Is this a comedy or a tragedy? Is it in how we react that determines the genre? Ultimately, for Charming and me, I believe we’ll have a happy ending, though I suppose that cannot be guaranteed. Still, in a comedy, the boy meets the girl, loses the girl, and wins the girl, and it usually ends in a proposal or marriage; we haven’t gotten married yet, so maybe this is all part of that exaggerated storyline where we overreact to silly things. Without the comic relief, all our serious moments lay heavy in the silences and simple conversations.
Social Wellness and Emotional Wellness are clearly interconnected, and I’m not very resilient these days. I can be merry and bright. I can laugh at electrical shorts or kick myself for the inevitable impending bullet list items to come on that to never-ending To Do list.
Charming isn’t a dimension of wellness. He’s not an item on a checklist. He is my other half, and for five days a week, I do life almost entirely without him. Together on weekend, the shift to our uncertain house in an unknown neighborhood with jobs that haven’t been posted yet sets the tone for a serious play despite our desire for a weekend of fun, for a one act comedy just for us.
We tried this weekend past to enjoy ourselves after a rather intense premarital counseling session, and my favorite part was putting together the Christmas Village. Besides the tree which I’d put up without him, my Dickens’ village was the other holiday tradition I was unwilling to sacrifice. Charming put it up last year, so I waited, and he took the role of architect and I of interior designer. He ran the cords for the lighted porcelain buildings while I fluffed cotton ball snow piles. We made a good team, and now I get to enjoy the tiny people and props arranged so carefully on the stage, the surface of my piano whenever I’m inside my house, and it feels like home at Christmastime should feel like.
Looking over my kids’ lists of theater terms, there’s no way I could define Charming and my current two-person untitled production of life together as a tragedy. A tragedy has a tragic hero with a tragic flaw that leads to his demise. I’ve got the flaw, a fiery temper that flares up when I’m relaxing, and unfortunately, that’s usually when I’m with Charming.

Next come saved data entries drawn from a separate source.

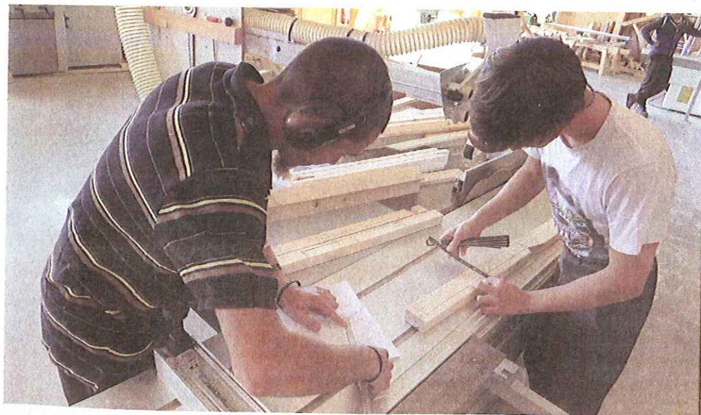
L'apprentissage, une spécialité de la MFR.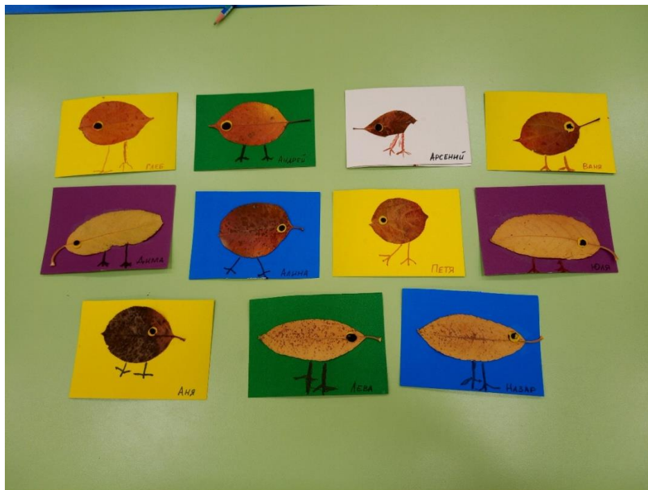
Аппликация из сухих листьев «Птички-невелички»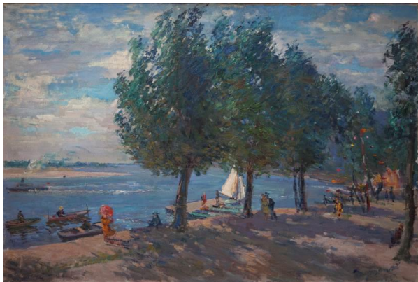
Рис. 4. М. П. Глущенко. «Пристань на Дніпрі». 1944. Полотно, олія, 73×91 см Колекція Дніпровського художнього музею

творчих поїздках Україною [7, 19–21]. Живописні полотна набувають виразного, яскравого колориту, а манера письма стає розкутішою. Візуальним прикладом може слугувати робота «Пристань на Дніпрі» Ж-794, 1944 (полотно, олія, 73×91 см) (рис. 4).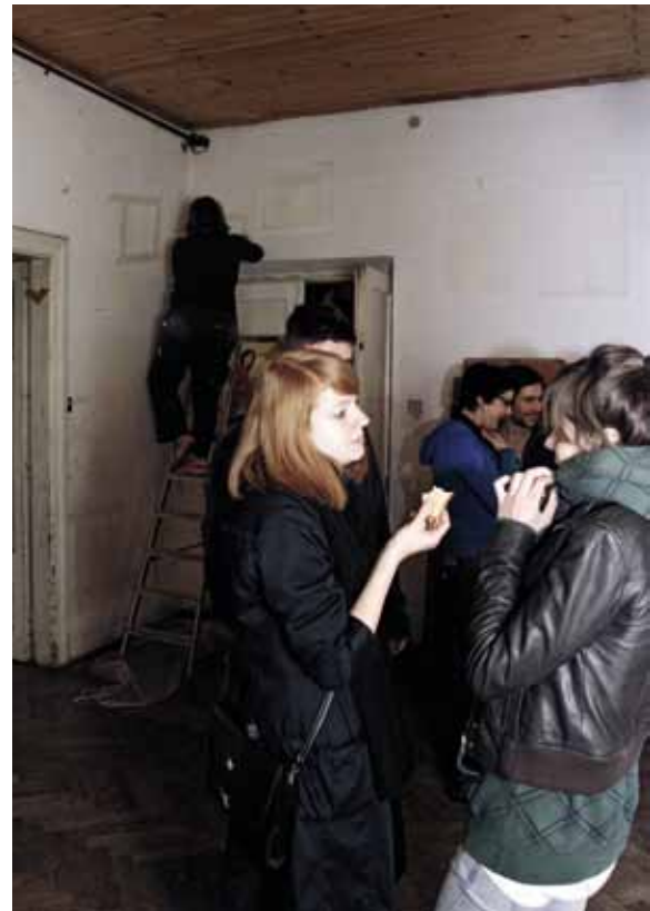
Superfinish 2010 Dauerperformance Referenzflächen anputzen (Immobilienaufwertung)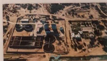
[FIG. 86] La planta desalinizadora de Israel recolecta agua del mar Mediterráneo y la pasa por múltiples filtros. Para ello se utiliza el proceso de ósmosis inversa, que permite separar elementos del agua gracias al empleo de presión a través de una membrana.

La relación sociedad-naturaleza también se modifica a través del tiempo. Los cambios tecnológicos hacen posible la obtención de recursos de manera más eficiente o rápida, llegar a reservas a las que antes no se accedía o utilizar elementos naturales que antes se consideraban inservibles. En Israel, que es un país semidesértico, el abastecimiento de agua potable era un problema crítico. Sin embargo, a partir de sistemas de desalinización, se logró transformar el agua de mar en agua apta para el consumo humano directo [FIG. 86]. A partir de esta concepción, se dice que la sociedad construye ambientes o que los ambientes son construcciones sociales .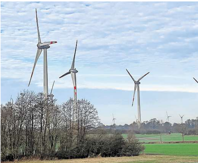
Zwischen Obernwohde, Arfrade und Krumbeck möchte die Gemeinde Stockelsdorf weitere Windkraftanlagen errichten.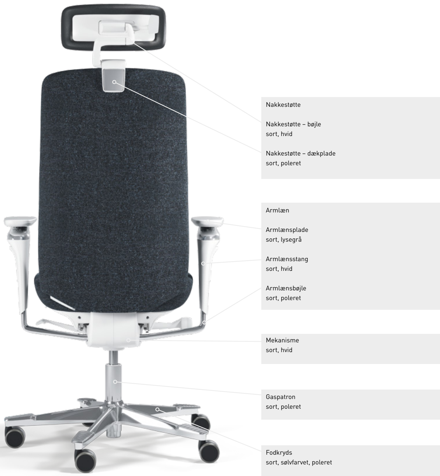
White Edition (EDW)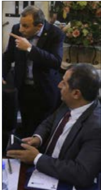
باسيك، ملتصق كل الموازنة إذا كان الأمر كذلك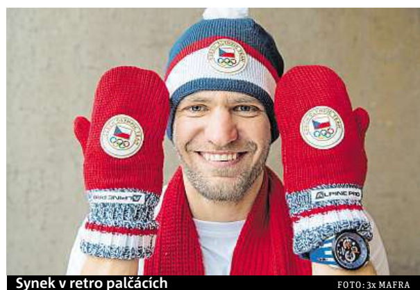
Synek v retro palčáčkách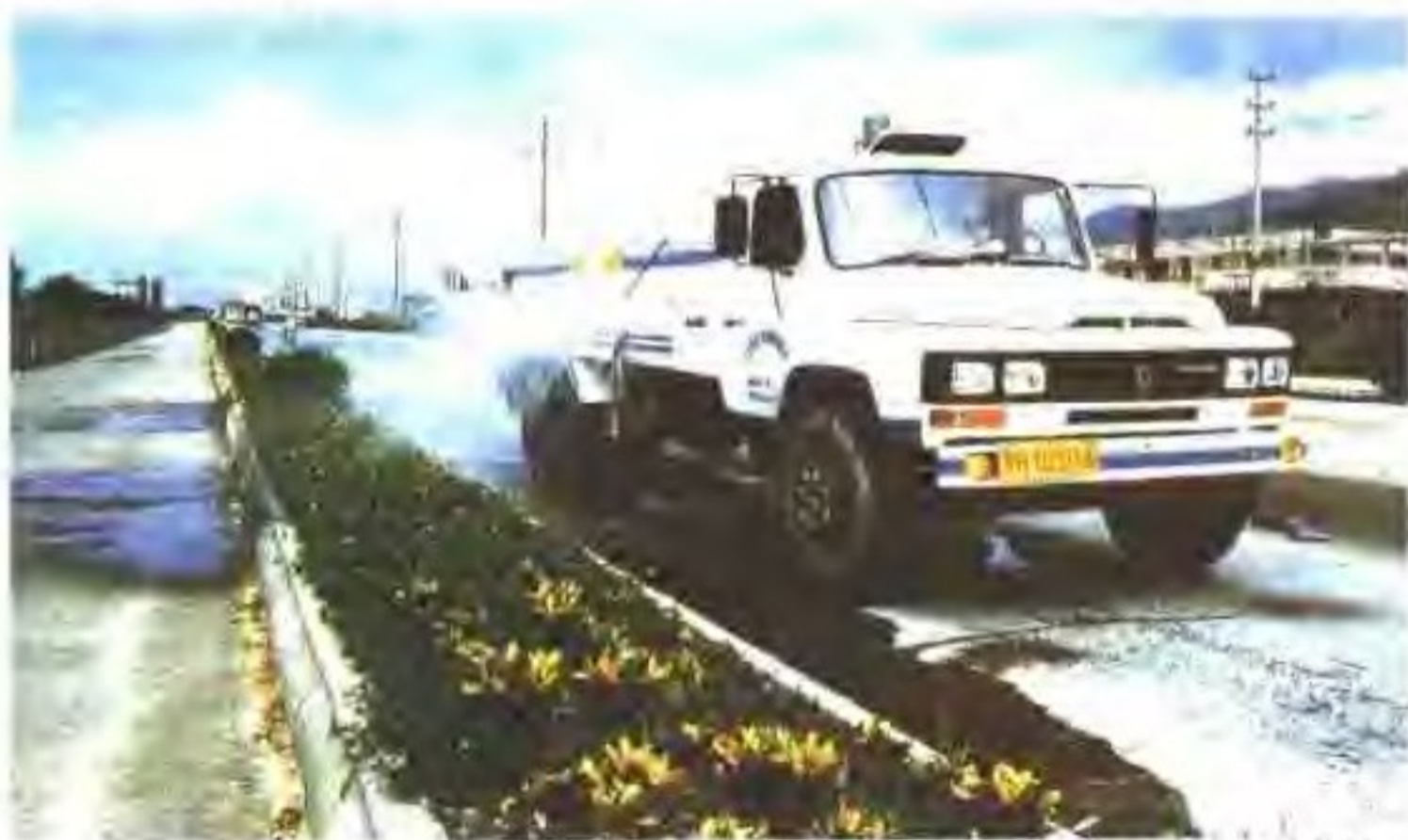
花基保养实现机械化

I desperately long of the spheres of my life to align, to feel that my overall wellness is cycling in orbit, but there are some lines that can’t be crossed, some priorities that cannot be compromised, and some stories with a foreboding setting ultimately resolve to an enchanted mood where despite sleepless nights, I can laugh when the check engine light comes on or when I miss a turn. It must be possible.
Charming keeps telling me it’s not about the mistakes I make but how I react to them that matters. I can teach my kids the difference between a comedy and a tragedy with little effort. How do I write my next line, the line after the conflict, to ensure the happy ending?